#### THE TASK
A faithful copy is needed of the lines below from the one with "今日のメニューは、ごはん、ぎ" up to and including the one with "Informe sobre reporte"; set it down with no pictures and no other lines.

#### INPUT RECORDS
=== Section Start ===

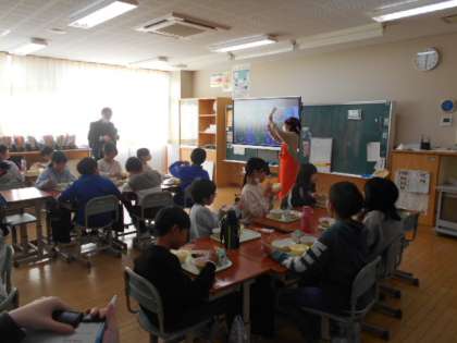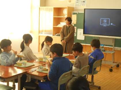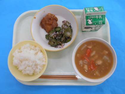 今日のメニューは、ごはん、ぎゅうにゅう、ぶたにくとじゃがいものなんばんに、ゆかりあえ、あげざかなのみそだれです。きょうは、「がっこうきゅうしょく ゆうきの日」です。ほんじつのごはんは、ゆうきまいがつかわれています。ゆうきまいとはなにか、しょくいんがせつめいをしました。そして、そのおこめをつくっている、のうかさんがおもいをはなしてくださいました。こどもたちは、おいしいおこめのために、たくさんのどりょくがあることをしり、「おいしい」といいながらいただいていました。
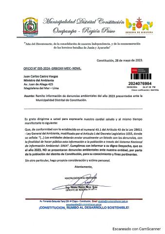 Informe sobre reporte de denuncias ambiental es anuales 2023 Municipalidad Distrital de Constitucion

=== Section End ===
=== Section Start ===

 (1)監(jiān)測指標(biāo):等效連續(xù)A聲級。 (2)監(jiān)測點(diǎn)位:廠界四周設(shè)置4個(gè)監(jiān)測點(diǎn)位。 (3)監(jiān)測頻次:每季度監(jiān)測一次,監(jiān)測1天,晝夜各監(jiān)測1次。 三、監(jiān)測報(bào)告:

=== Section End ===

#### RESULT OF THE EXERCISE
 今日のメニューは、ごはん、ぎゅうにゅう、ぶたにくとじゃがいものなんばんに、ゆかりあえ、あげざかなのみそだれです。きょうは、「がっこうきゅうしょく ゆうきの日」です。ほんじつのごはんは、ゆうきまいがつかわれています。ゆうきまいとはなにか、しょくいんがせつめいをしました。そして、そのおこめをつくっている、のうかさんがおもいをはなしてくださいました。こどもたちは、おいしいおこめのために、たくさんのどりょくがあることをしり、「おいしい」といいながらいただいていました。
 Informe sobre reporte de denuncias ambiental es anuales 2023 Municipalidad Distrital de Constitucion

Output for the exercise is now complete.